_EXERCISE:_
Every line below is to be copied exactly, with the pictures left out.

--------

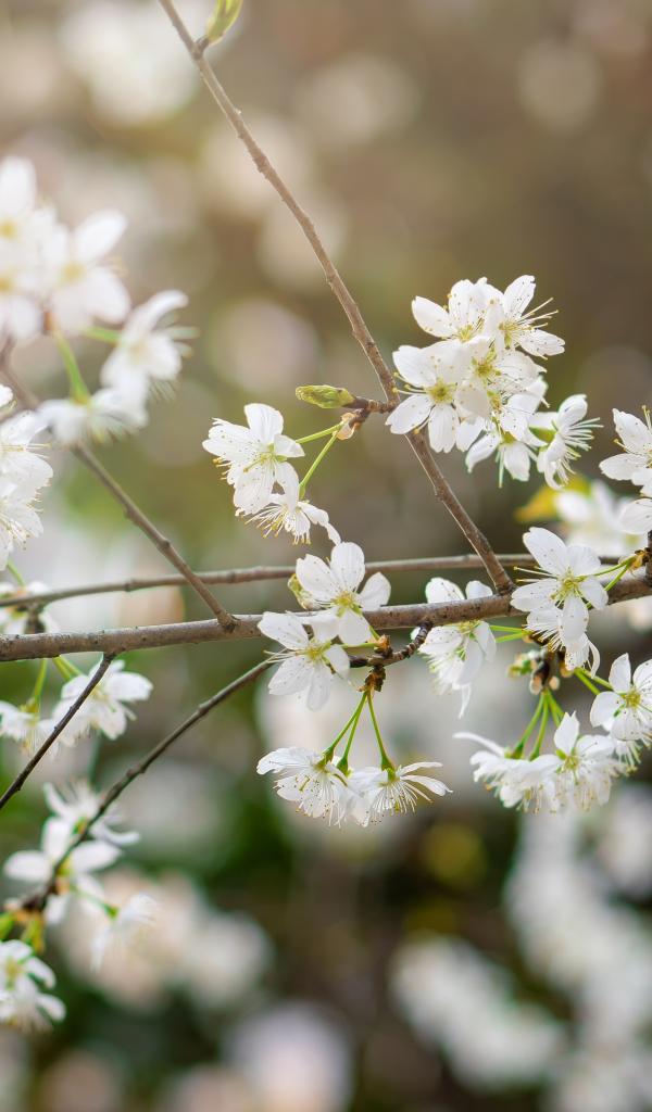 Wallpaper White cherry flowers on a thin branch
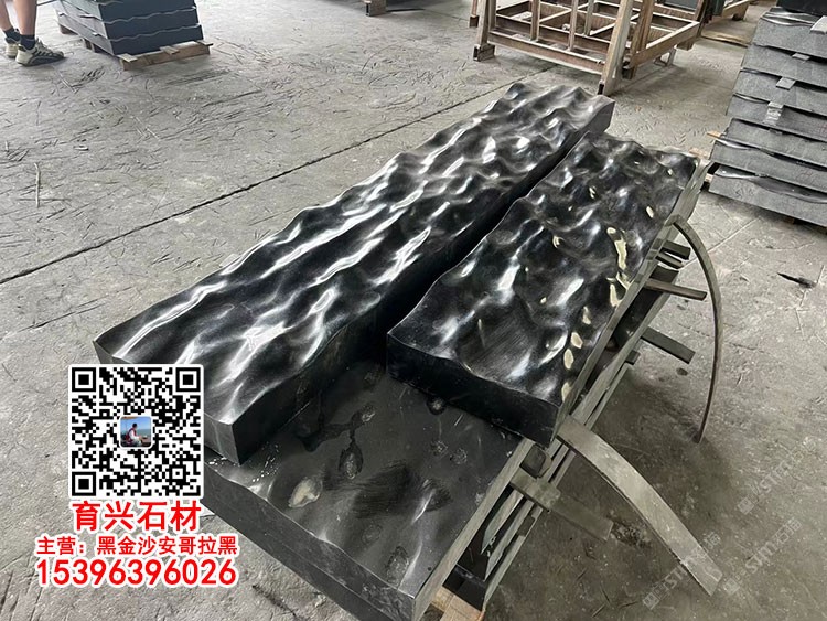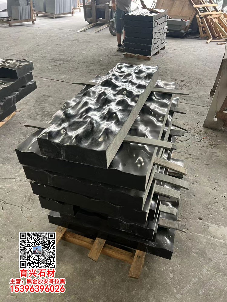 印度黑金沙花崗巖水波紋水池水景石材黑金砂安哥拉黑
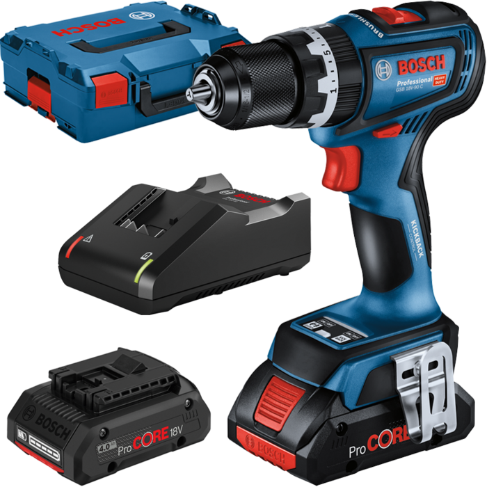 Masina de gaurit cu percutie brushless cu 2 acumulatori Li-Ion, 4Ah ProCore, 64Nm + L-BOXX
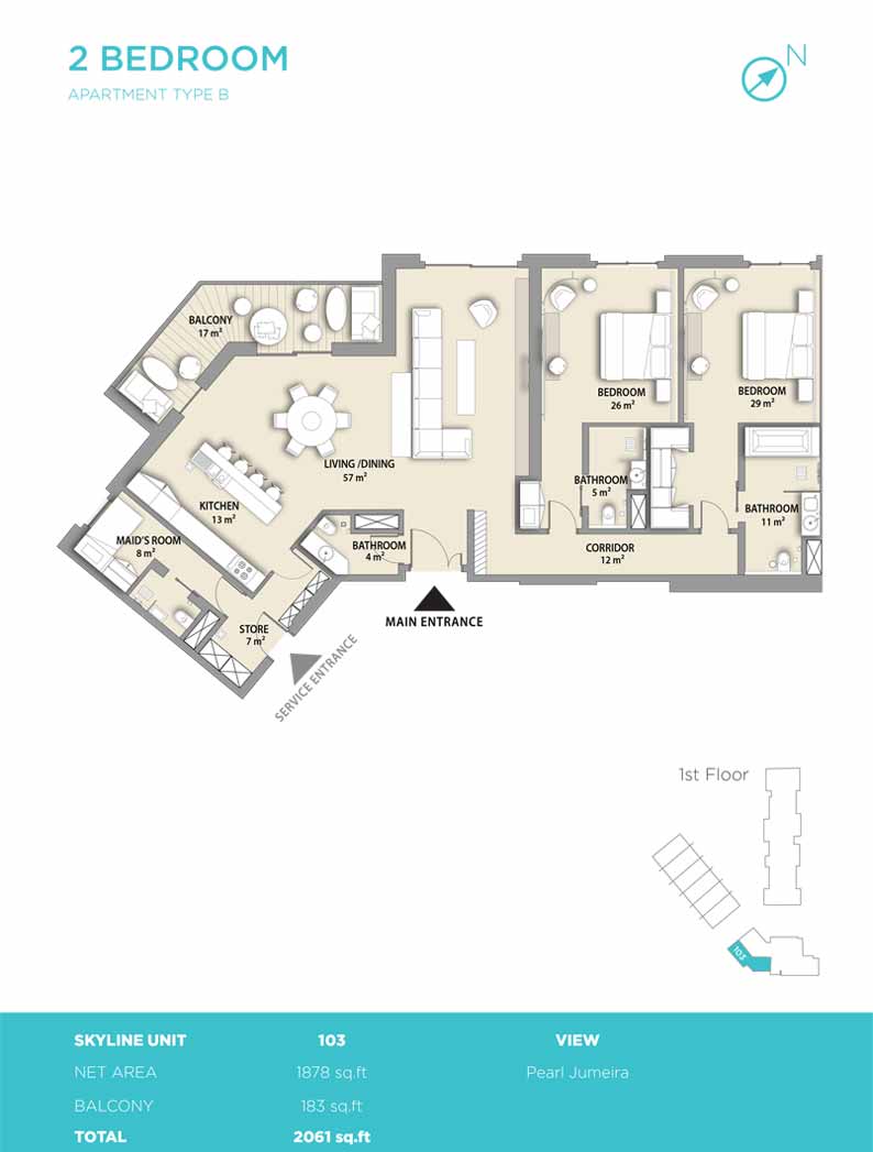 | 2 Bedrooms | All | 2 bedroom type B 2061 | 2061.00 Sq Ft | Apartment | |
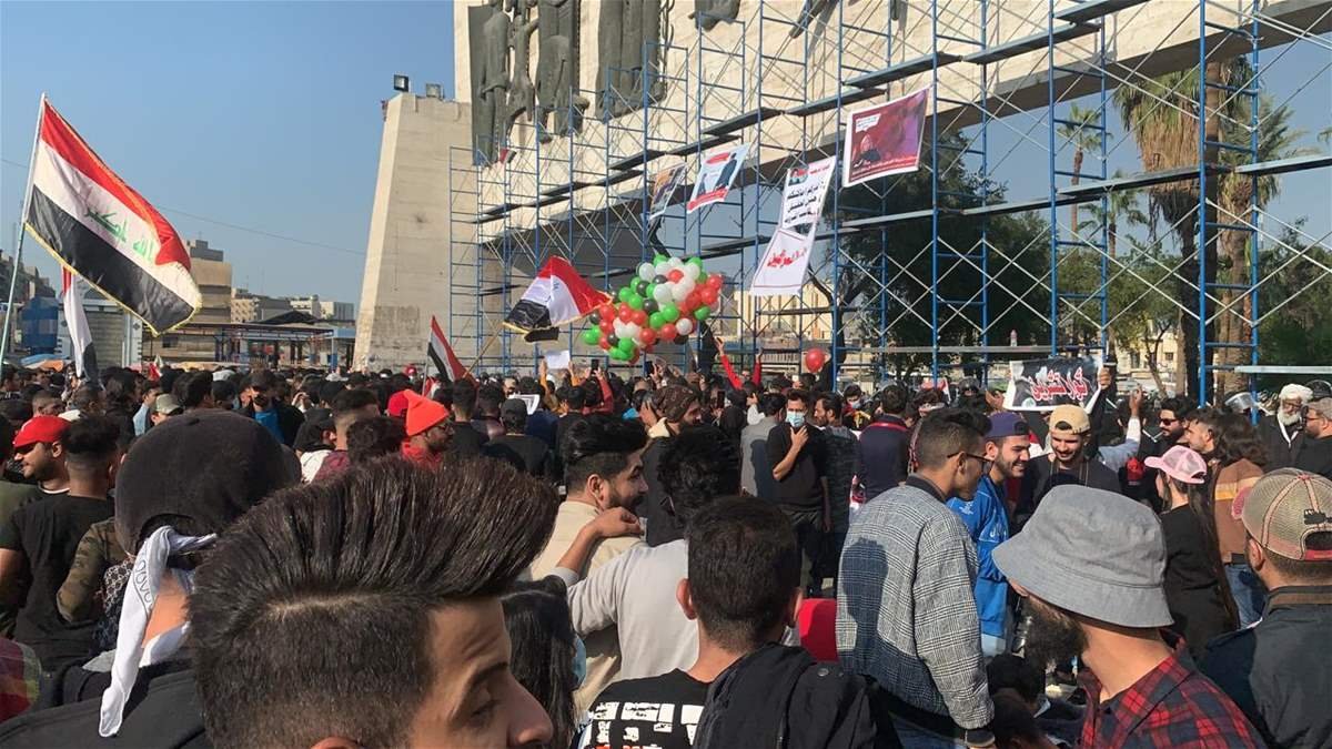 تجمهر عشرات المتظاهرين، أسفل نصب الحرية في ساحة التحرير، وسط العاصمة العراقية بغداد، فيما انتشرت القوات الأمنية بشكل كثيف في محيط الساحة لتأمين الحماية للمتظاهرين.
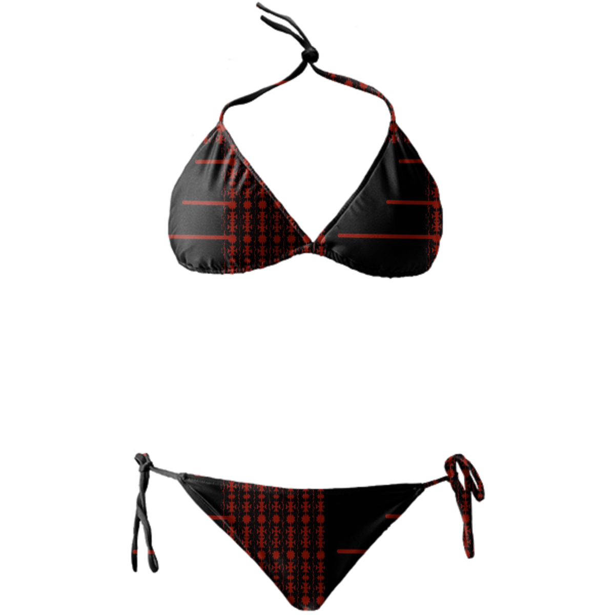 String bikini with ties at the neck bust and hips. Throw it in a bag and head to the beach!

--------

_SOLUTION TO THE PROBLEM:_
 Wallpaper White cherry flowers on a thin branch
 印度黑金沙花崗巖水波紋水池水景石材黑金砂安哥拉黑
 Masina de gaurit cu percutie brushless cu 2 acumulatori Li-Ion, 4Ah ProCore, 64Nm + L-BOXX
 | 2 Bedrooms | All | 2 bedroom type B 2061 | 2061.00 Sq Ft | Apartment | |
 تجمهر عشرات المتظاهرين، أسفل نصب الحرية في ساحة التحرير، وسط العاصمة العراقية بغداد، فيما انتشرت القوات الأمنية بشكل كثيف في محيط الساحة لتأمين الحماية للمتظاهرين.
 String bikini with ties at the neck bust and hips. Throw it in a bag and head to the beach!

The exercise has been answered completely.